Este lenguaje deslumbrante, rítmico y penetrante con el que Victoria de Stefano nos interpela como lectores, página tras página, no se detiene en diferenciaciones genéricas.  Pues se trata de una escritura que desborda toda posible preceptiva, al poseer plena conciencia de la amenaza de las limitantes que pretenden rotular las características de cada género.
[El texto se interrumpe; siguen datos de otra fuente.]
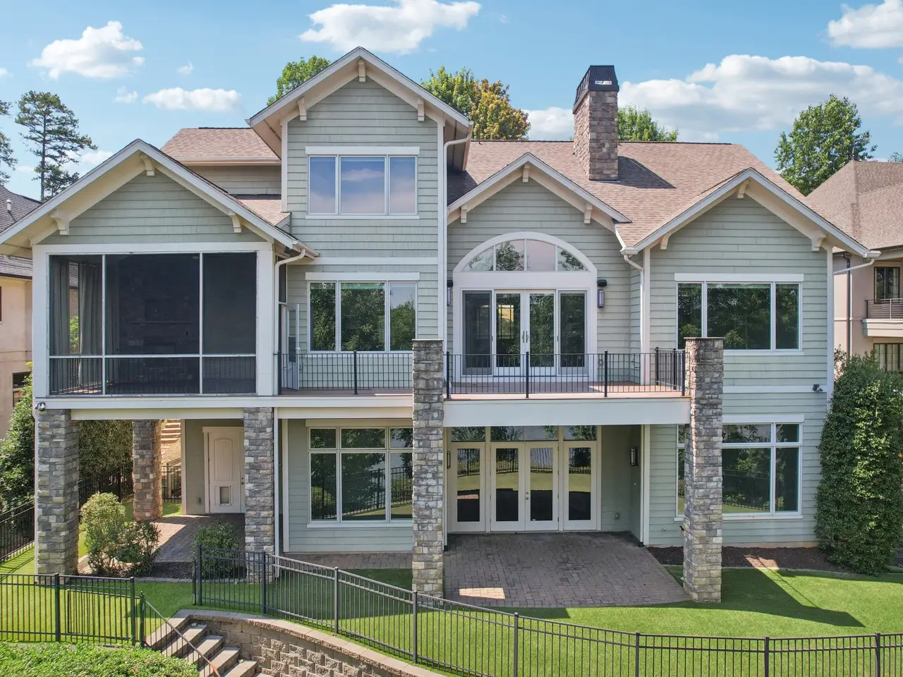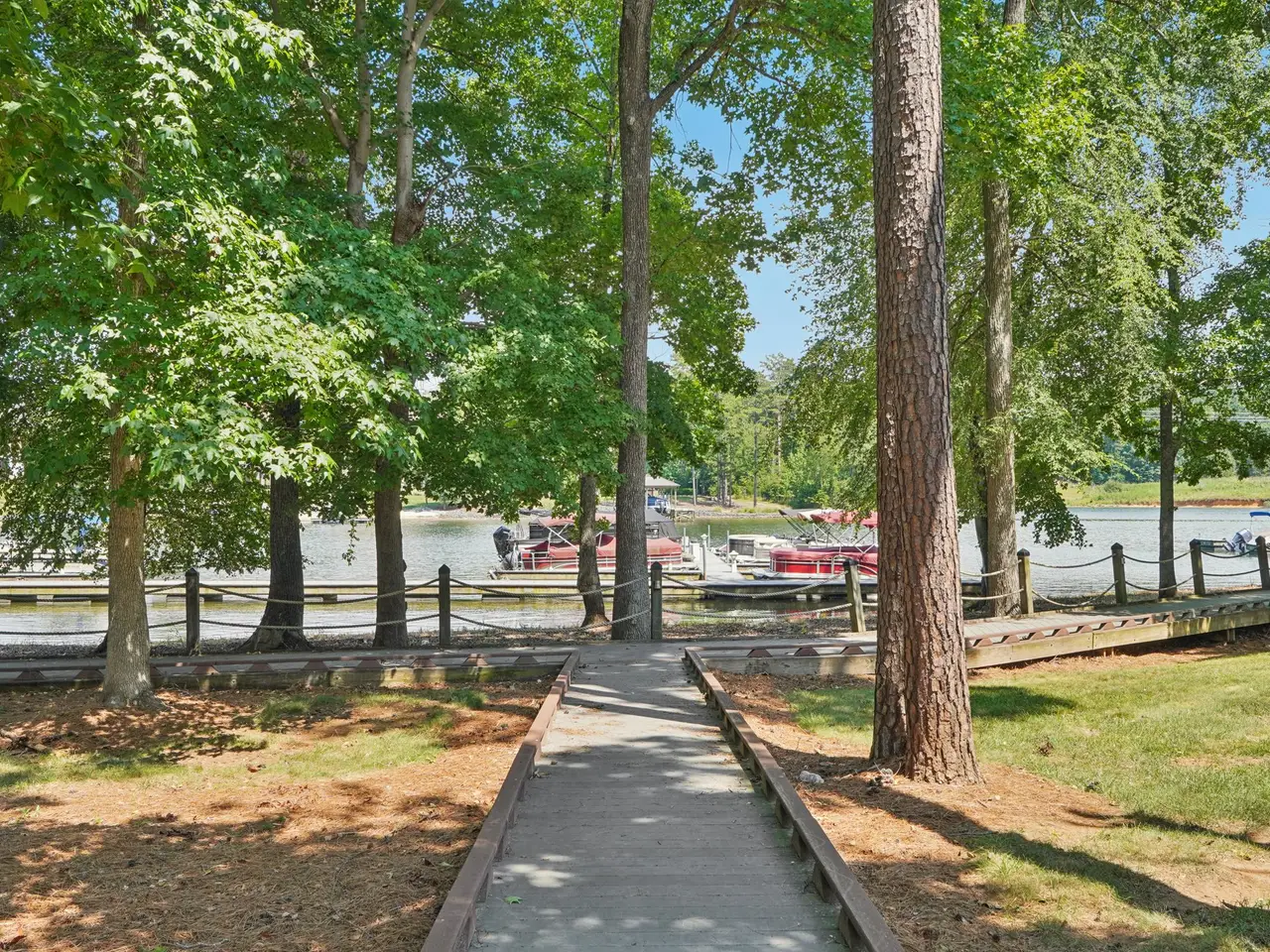 Enjoy year-round sunsets and panoramic views from this stunning main channel waterfront home in gated Reflection Pointe. Thoughtfully designed to take full advantage of its Lake Wylie setting, this custom-built home offers effortless indoor-outdoor living on all three levels. A gently sloping, fenced backyard leads to a deep-water covered dock with boat lift—perfect for morning coffee cruises or sunset paddles. Inside, the main level features an open layout with walnut hardwood floors, a large kitchen with oversized island, walk-in pantry, and stainless appliances. The great room showcases a stone fireplace and expansive windows framing lake views. Enjoy meals in the formal dining room or alfresco on the deck or screened porch—complete with a cozy outdoor fireplace. The main-level primary suite includes a spa-like bath with separate vanities, a soaking tub, zero entry shower, and generous closet space. Upstairs, you’ll find two additional en-suite bedrooms and a loft-style landing. The finished walkout basement impresses with soaring 14’ ceilings, a second kitchen/bar, fireplace, fitness room, two bedrooms, and flex space. Walk right out to the lower patio with turf yard, fire pit, and space to unwind. This home combines luxury, low-maintenance living, and a true lake lifestyle—all within minutes of historic downtown Belmont. Community amenities include pool, clubhouse, marina, walking trails, tennis courts, and boat storage
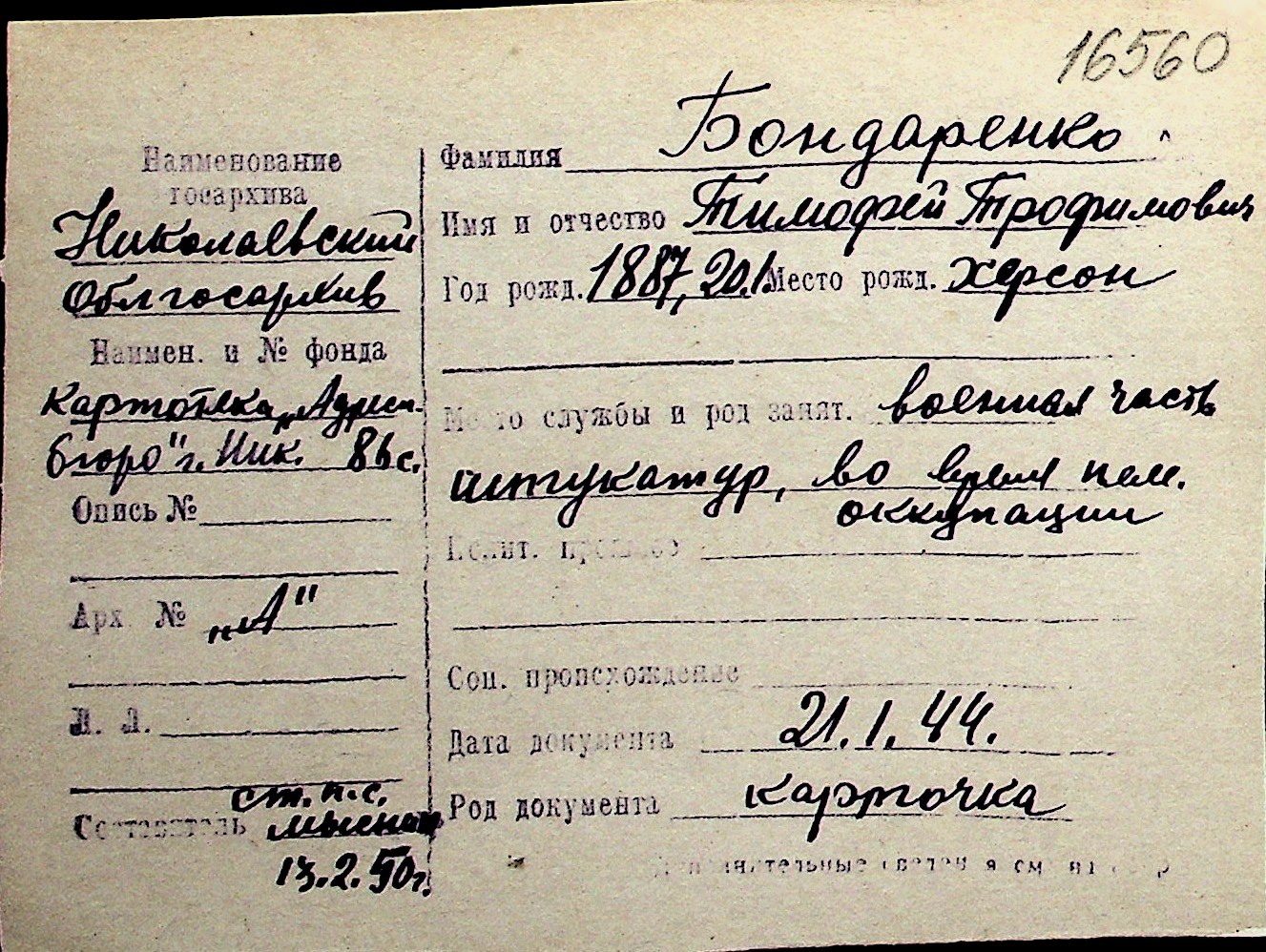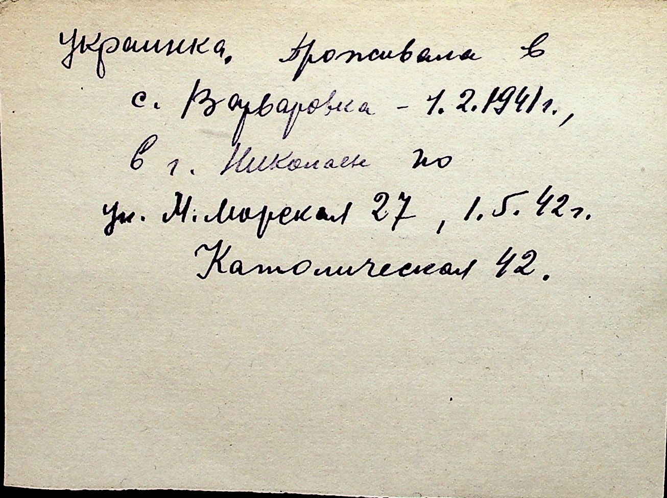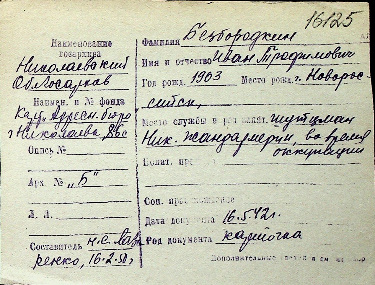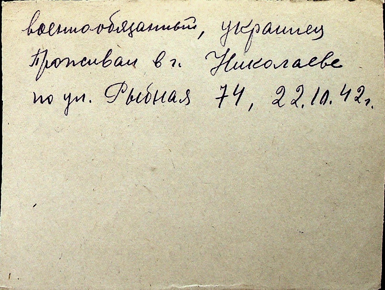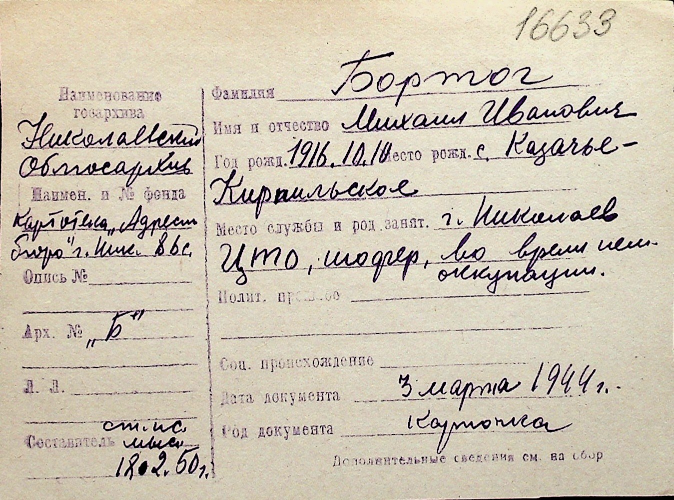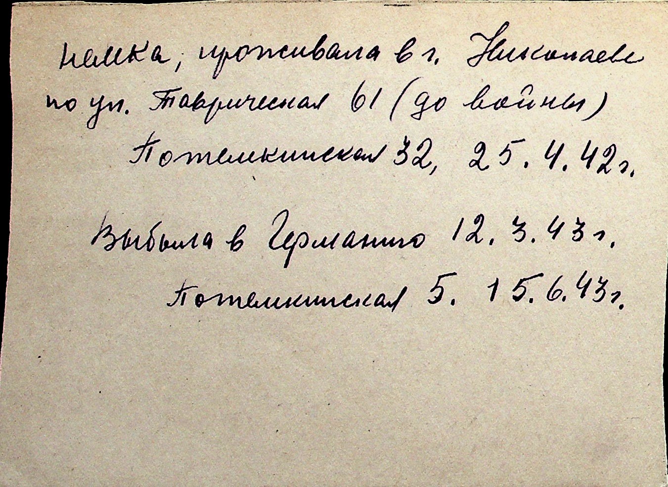 ◦ ◦ Перелік карток на осіб, які мешкали у м. Миколаїв у період окупації 1941–1944 років

De tal modo, la reflexión que tiene lugar en el ámbito ensayístico, referida a temas como el del “lugar del escritor” en la sociedad moderna, el compromiso artístico y vital inherente al oficio de escribir, la dimensión biográfica del texto creativo, el espacio narrativo como amplificación discursiva del ámbito poético, la soledad necesaria del artista, el placer y el enriquecimiento existencial que otorga la lectura o la experiencia migratoria y los viajes, es también fértil en su novelística.

En resumidas cuentas, podríamos afirmar que toda la obra de Victoria de Stefano es una que sin atenerse a concepciones predeterminadas y a prerrogativas del mercado va al rescate del valor de aquellas que como el Quijote y el Ulises, esto nos lo señala en su ensayo “De lo imperfecto del arte”, permanecen “indóciles e impuras”, al no verse constreñidas por moldes rígidos.  De allí la libertad que les permite seguir dando cuenta de aquello que hay “detrás de cada escritor”, de ese “yo débil volcado”, fiel a sí mismo, tras el cual podemos percibir “una filosofía, una apuesta moral, una visión del mundo”.